Teradata Database Security Administration

prodname
Teradata Database
vrm_release
16.10
created_date
June 2017
category
Administration
Security
featnum
B035-1100-161K

The LdapSystemFQDN property identifies the FQDN of the tdatSystem object that is the parent of the structure used for LDAP user authorization. This information helps LDAP locate objects and mappings applicable to the system without making a deep search of the directory.

This value is useful only when the AuthorizationSupported property is set to yes.

Valid Settings

  • “” (default), that is, the property does not specify an object to help the search
  • The FQDN of a tdatSystem directory object.

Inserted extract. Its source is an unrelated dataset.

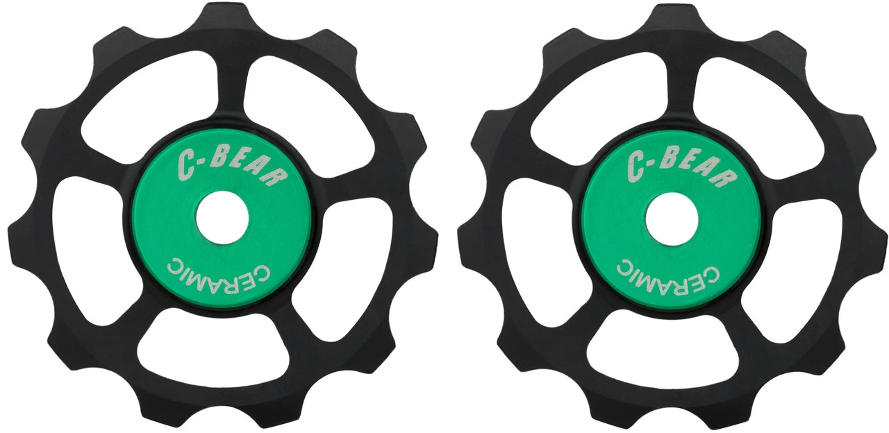 Mit den C-BEAR Shimano/SRAM Alu Schalträdchen für 10- und 11-fach Antriebe kannst Du die Performance Deines Schaltwerks beträchtlich erhöhen. Ihr Körper besteht aus Aluminium, die Keramiklagerkugeln laufen in Stahlrinnen. Wusstest Du, dass Schaltröllchen die am schnellsten drehenden Teil am Fahrrad sind? Daher liegt hier so viel Optimierungspotenzial.

For information about the tdatSystem object, see Creating the Top Level Objects in the DIT.

Supporting Mechanisms for LdapSystemFQDN

Mechanisms that are not listed in the table do not support this property. The Property Editable column indicates if the setting for a property may be edited.
Mechanism Property Editable?
KRB5 May Be Edited
SPNEGO
LDAP
The LdapSystemFQDN property appears by default only in the LDAP mechanism. You must add the LdapSystemFQDN to the TdgssUserConfigFile.xml and specify a value for any mechanism where AuthorizationSupported=yes, including KRB5 and SPNEGO. See Changing the TDGSS Configuration.

Editing Guidelines

  • You must set a value for the LdapSystemFQDN property in any authentication mechanism that has the AuthorizationSupported property set to yes.
  • If the directory serves one Teradata Database system, the LdapSystemFQDN properties configured on that system name the tdatSystem object that represents the system.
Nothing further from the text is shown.